• [Information provided]:
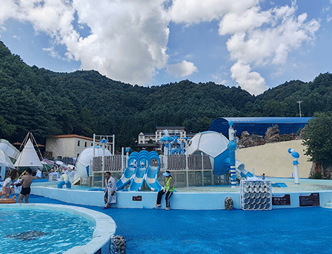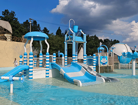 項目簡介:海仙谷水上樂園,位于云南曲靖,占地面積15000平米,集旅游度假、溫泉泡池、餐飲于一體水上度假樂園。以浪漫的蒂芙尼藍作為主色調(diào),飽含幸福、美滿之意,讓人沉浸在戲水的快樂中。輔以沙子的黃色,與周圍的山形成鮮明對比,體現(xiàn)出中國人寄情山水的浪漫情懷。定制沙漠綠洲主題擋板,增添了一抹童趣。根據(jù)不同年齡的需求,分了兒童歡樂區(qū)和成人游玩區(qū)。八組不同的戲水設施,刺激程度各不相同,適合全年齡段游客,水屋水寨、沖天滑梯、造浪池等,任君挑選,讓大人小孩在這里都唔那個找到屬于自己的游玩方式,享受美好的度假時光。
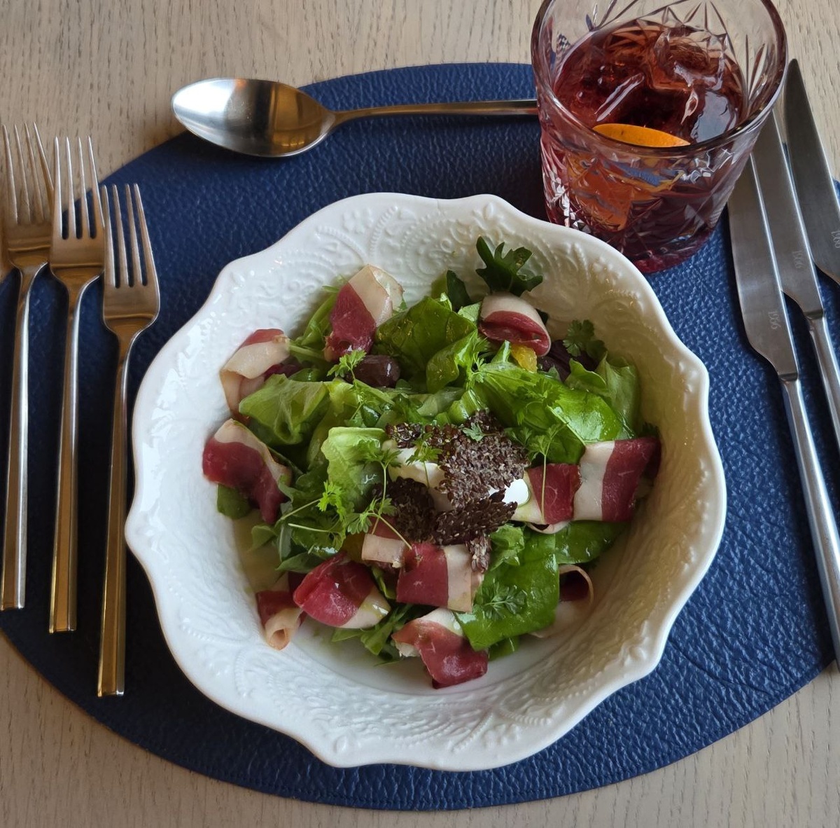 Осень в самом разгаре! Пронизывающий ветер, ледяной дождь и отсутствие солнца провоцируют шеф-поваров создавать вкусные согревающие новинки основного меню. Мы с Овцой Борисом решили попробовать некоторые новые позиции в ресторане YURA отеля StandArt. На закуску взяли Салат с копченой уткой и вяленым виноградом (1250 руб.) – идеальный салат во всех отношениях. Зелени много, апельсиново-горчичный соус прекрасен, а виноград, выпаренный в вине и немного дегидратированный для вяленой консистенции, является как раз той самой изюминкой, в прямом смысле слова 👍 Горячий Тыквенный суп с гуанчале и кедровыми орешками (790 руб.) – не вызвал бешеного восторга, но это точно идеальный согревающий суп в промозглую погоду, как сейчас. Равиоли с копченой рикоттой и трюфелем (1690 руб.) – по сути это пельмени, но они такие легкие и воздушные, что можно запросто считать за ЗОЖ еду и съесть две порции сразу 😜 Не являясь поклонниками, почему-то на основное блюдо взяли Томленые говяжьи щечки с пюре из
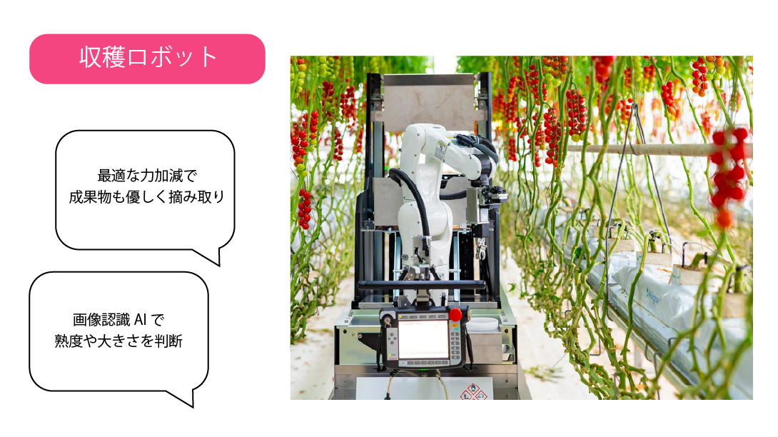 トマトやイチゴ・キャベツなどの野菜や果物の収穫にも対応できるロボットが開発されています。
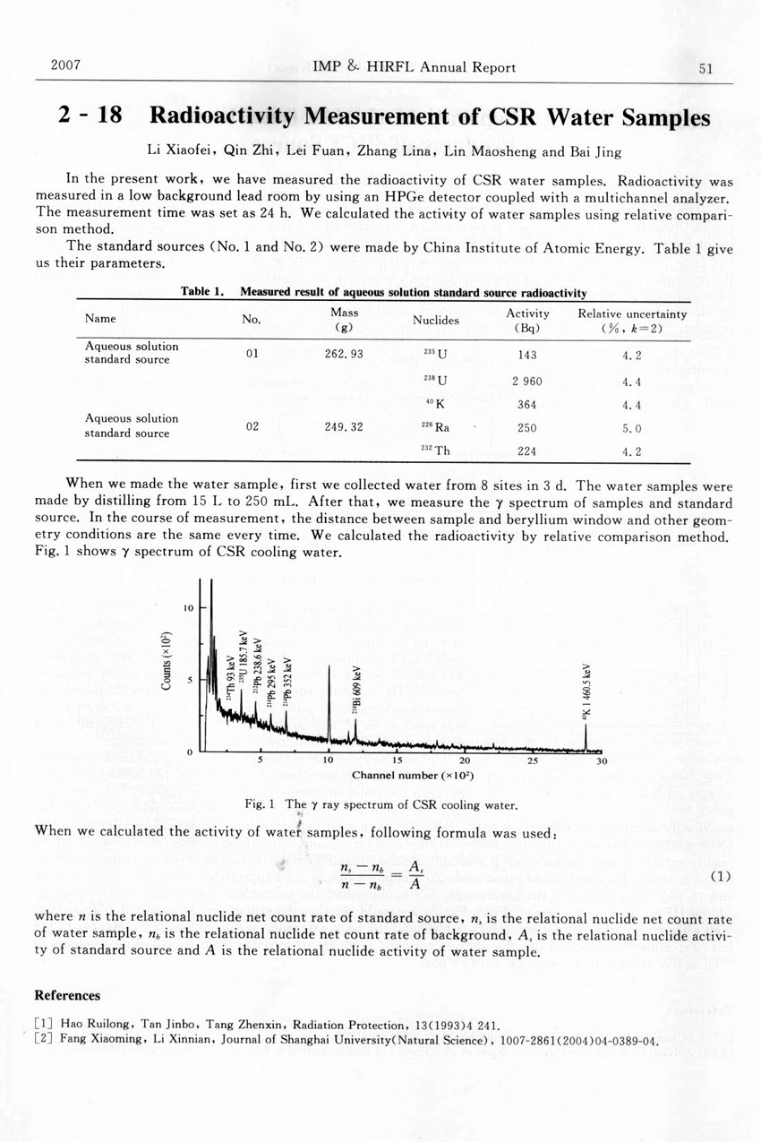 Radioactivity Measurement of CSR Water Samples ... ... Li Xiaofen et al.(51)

• [What you will do]: Give the listing again exactly, minus its images.

• [Exercise result]:
 項目簡介:海仙谷水上樂園,位于云南曲靖,占地面積15000平米,集旅游度假、溫泉泡池、餐飲于一體水上度假樂園。以浪漫的蒂芙尼藍作為主色調(diào),飽含幸福、美滿之意,讓人沉浸在戲水的快樂中。輔以沙子的黃色,與周圍的山形成鮮明對比,體現(xiàn)出中國人寄情山水的浪漫情懷。定制沙漠綠洲主題擋板,增添了一抹童趣。根據(jù)不同年齡的需求,分了兒童歡樂區(qū)和成人游玩區(qū)。八組不同的戲水設施,刺激程度各不相同,適合全年齡段游客,水屋水寨、沖天滑梯、造浪池等,任君挑選,讓大人小孩在這里都唔那個找到屬于自己的游玩方式,享受美好的度假時光。
 Осень в самом разгаре! Пронизывающий ветер, ледяной дождь и отсутствие солнца провоцируют шеф-поваров создавать вкусные согревающие новинки основного меню. Мы с Овцой Борисом решили попробовать некоторые новые позиции в ресторане YURA отеля StandArt. На закуску взяли Салат с копченой уткой и вяленым виноградом (1250 руб.) – идеальный салат во всех отношениях. Зелени много, апельсиново-горчичный соус прекрасен, а виноград, выпаренный в вине и немного дегидратированный для вяленой консистенции, является как раз той самой изюминкой, в прямом смысле слова 👍 Горячий Тыквенный суп с гуанчале и кедровыми орешками (790 руб.) – не вызвал бешеного восторга, но это точно идеальный согревающий суп в промозглую погоду, как сейчас. Равиоли с копченой рикоттой и трюфелем (1690 руб.) – по сути это пельмени, но они такие легкие и воздушные, что можно запросто считать за ЗОЖ еду и съесть две порции сразу 😜 Не являясь поклонниками, почему-то на основное блюдо взяли Томленые говяжьи щечки с пюре из
 トマトやイチゴ・キャベツなどの野菜や果物の収穫にも対応できるロボットが開発されています。
 Radioactivity Measurement of CSR Water Samples ... ... Li Xiaofen et al.(51)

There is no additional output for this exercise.